Lawrence native always wanted to play for the Cats

By Joshua Kinder

Sophomore Chantay Caron likes to downplay it, but today’s Sunflower Showdown with rival Kansas is just a little more personal to the forward than others on the Kansas State women’s basketball team.

Caron hails from Lawrence.

Yes, Caron was a star at Free State High School and was surrounded by the Crimson and Blue. Surprisingly, though, those colors weren’t found in Caron’s room growing up.

She was a Wildcat fan in Jayhawk country.

“No,” Caron quickly said when asked about any early childhood KU leanings Thursday afternoon. “No.

“I would get stuff from my dad, because he was a big KU fan, but he finally gave in. I really liked K-State.”

Caron, who is averaging nearly three points per game in 14 minutes of action, said she had an association with K-State through past players.

“I knew Shana Wheeler,” she said. “She was a babysitter of mine, and I had Marlies Gipson on a traveling team I was with, but it was the older team, and then I got to watch them move on to K-State.”

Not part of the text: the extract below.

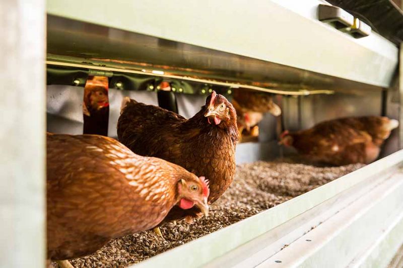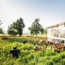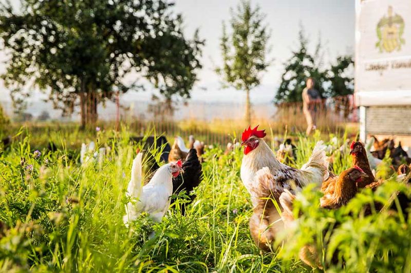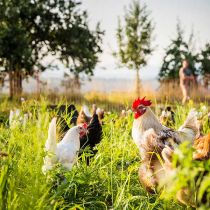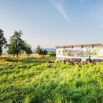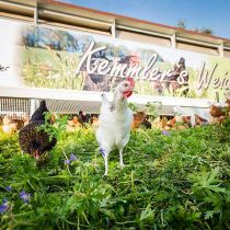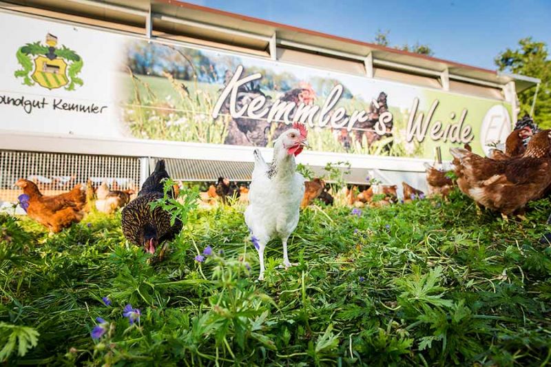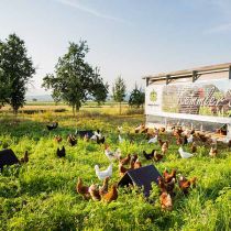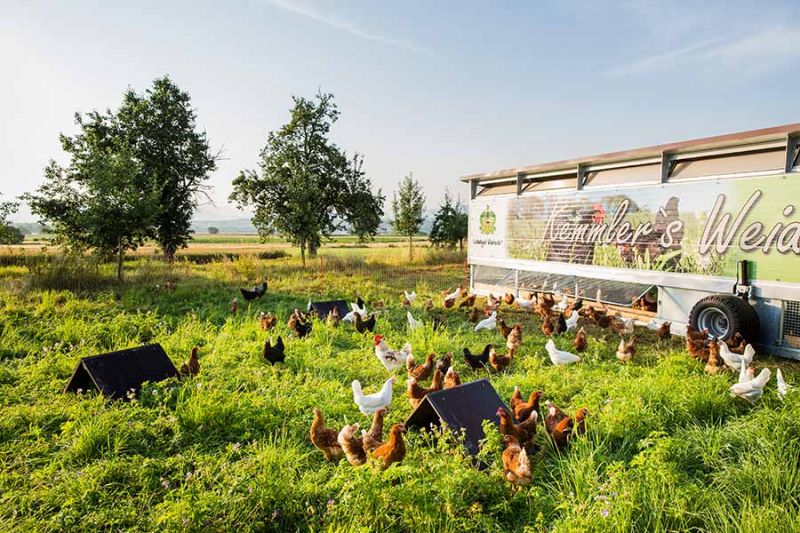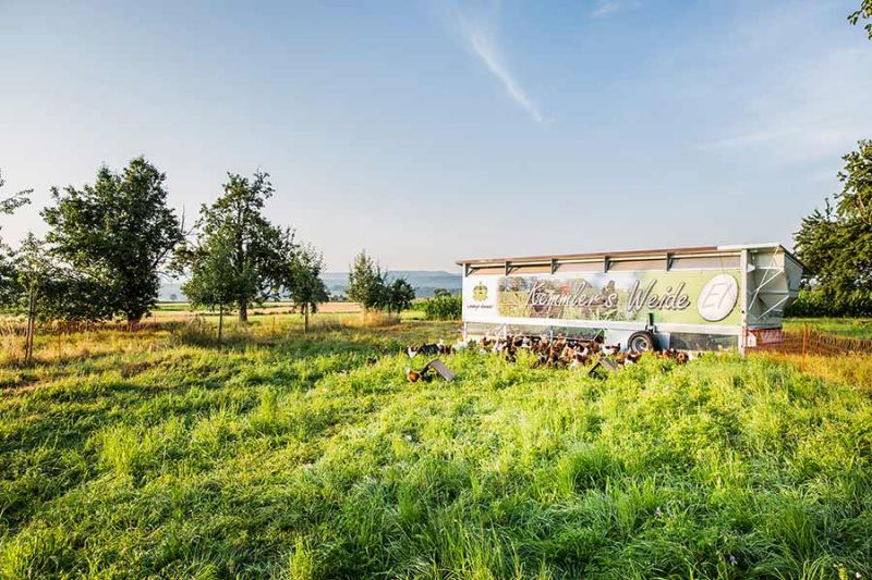 Auf einer Fläche von einem Hektar wird die mobile Stallung im regelmäßigen Rhythmus versetzt. So haben die Hühner immer genügend frisches Gras zum Fressen und die Keimbelastung wird niedrig gehalten. Täglich steht unseren Hühnern eine Freifläche von ungefähr 2.500 Quadratmetern zum freien Auslauf zur Verfügung – das entspricht im Schnitt 7 Quadratmeter pro Henne.
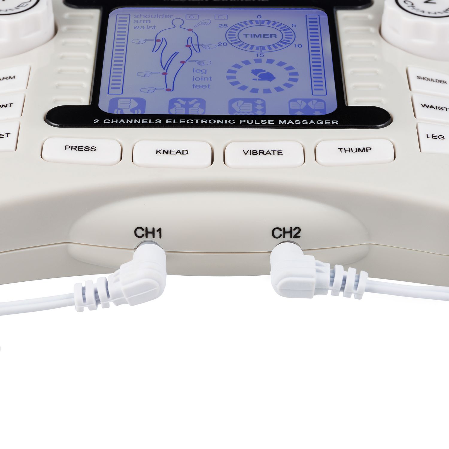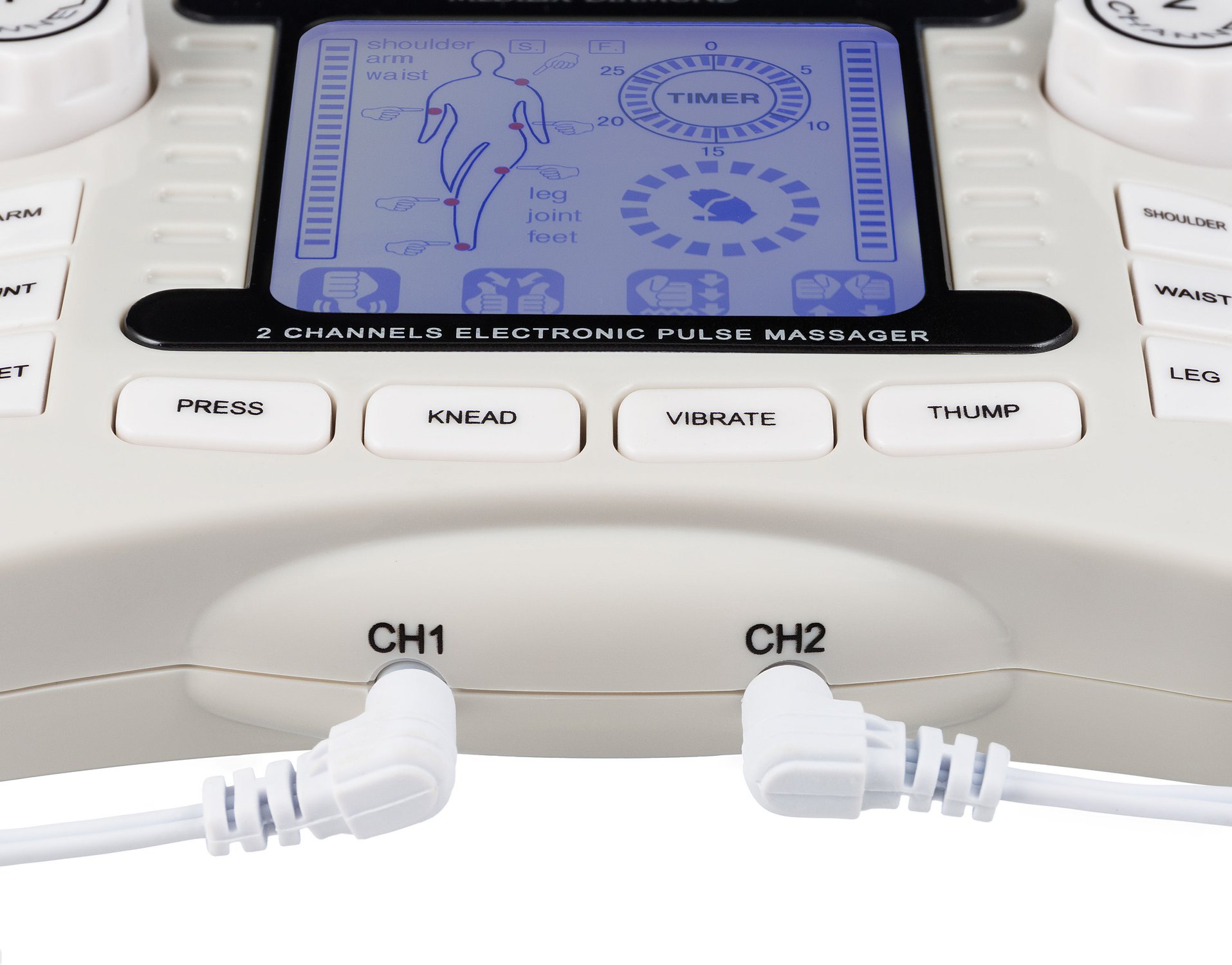 - Technologia Dual Channel: Umożliwia jednoczesne korzystanie z urządzenia przez dwie osoby lub zastosowanie na różnych partiach mięśniowych.

As a player at Free State, Caron earned many honors including a first-team selection to the 2010 All-Sunflower League squad and was the 2010 All-Area Player of the Year. She also set the school record for career points (827) and field goals made (291). She was also a McDonald’s All-American nominee in 2010.

Many would assume with that kind of resume, Caron was highly sought by the university that was in her backyard. That wasn’t the case, though.

“No, K-State was way ahead,” Caron said. “(KU) had a little bit of interest, but it was pretty much K-State all the way. I was ready to come to Manhattan. I really didn’t think about going to KU — I just wanted to get away.”

Caron said that last season, as a freshman, she more than ready to play the hometown team that didn’t show the same interest as the Cats. But now, though, her grudge has faded.

“My freshman year, I could not wait to play KU,” she said. “I was so excited to beat them and point at the wall and say look where I’m at.

“But now, it’s like every other game. The nerves are just gone. I grew up a little bit.”

With both teams jockeying through the middle of the Big 12 standings — KU and K-State are currently tied for fourth at 6-5 — Caron acknowledged today’s game has some added weight to it, considering March is just around the corner.

“It really is more of a fight this time,” she said. “We’re both right in the middle (of the standings) and we both really need this game. They bring a lot to the table. I feel like our teams are pretty equal. In the long run, it will just come out to who plays hard and who fights hard.”